Provided data: Begin

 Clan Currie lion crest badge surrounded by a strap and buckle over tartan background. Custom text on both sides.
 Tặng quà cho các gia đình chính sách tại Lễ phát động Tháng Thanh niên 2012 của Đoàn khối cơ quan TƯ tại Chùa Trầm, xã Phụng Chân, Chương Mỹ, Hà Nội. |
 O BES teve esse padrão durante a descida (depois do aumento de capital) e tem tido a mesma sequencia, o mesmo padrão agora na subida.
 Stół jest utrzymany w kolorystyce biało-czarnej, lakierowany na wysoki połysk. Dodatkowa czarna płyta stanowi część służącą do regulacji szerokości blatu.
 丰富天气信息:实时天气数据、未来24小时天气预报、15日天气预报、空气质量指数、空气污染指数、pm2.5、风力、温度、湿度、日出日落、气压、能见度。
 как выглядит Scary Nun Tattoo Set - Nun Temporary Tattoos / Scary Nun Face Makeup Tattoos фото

Provided data: End
Provided data: Begin

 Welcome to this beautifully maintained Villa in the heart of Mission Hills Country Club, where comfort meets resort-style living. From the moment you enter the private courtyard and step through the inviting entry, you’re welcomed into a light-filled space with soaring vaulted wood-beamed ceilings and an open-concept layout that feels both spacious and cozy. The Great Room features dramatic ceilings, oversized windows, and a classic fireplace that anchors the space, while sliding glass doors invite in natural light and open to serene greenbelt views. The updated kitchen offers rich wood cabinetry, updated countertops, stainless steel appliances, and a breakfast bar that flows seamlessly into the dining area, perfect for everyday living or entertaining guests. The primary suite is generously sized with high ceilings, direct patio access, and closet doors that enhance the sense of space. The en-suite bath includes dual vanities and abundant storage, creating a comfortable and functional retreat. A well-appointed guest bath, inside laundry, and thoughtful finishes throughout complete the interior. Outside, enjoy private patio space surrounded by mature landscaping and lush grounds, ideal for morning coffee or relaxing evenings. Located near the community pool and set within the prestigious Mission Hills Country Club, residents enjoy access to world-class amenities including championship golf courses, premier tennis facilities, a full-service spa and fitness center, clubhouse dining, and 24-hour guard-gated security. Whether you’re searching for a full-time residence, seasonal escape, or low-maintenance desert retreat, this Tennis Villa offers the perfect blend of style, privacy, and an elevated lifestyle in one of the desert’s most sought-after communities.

Provided data: End

## Exercise prompt
Reproduce only the lines above spanning from the line containing "Clan Currie lion" through the line containing "O BES teve esse", word for word.

## Response for this exercise
 Clan Currie lion crest badge surrounded by a strap and buckle over tartan background. Custom text on both sides.
 Tặng quà cho các gia đình chính sách tại Lễ phát động Tháng Thanh niên 2012 của Đoàn khối cơ quan TƯ tại Chùa Trầm, xã Phụng Chân, Chương Mỹ, Hà Nội. |
 O BES teve esse padrão durante a descida (depois do aumento de capital) e tem tido a mesma sequencia, o mesmo padrão agora na subida.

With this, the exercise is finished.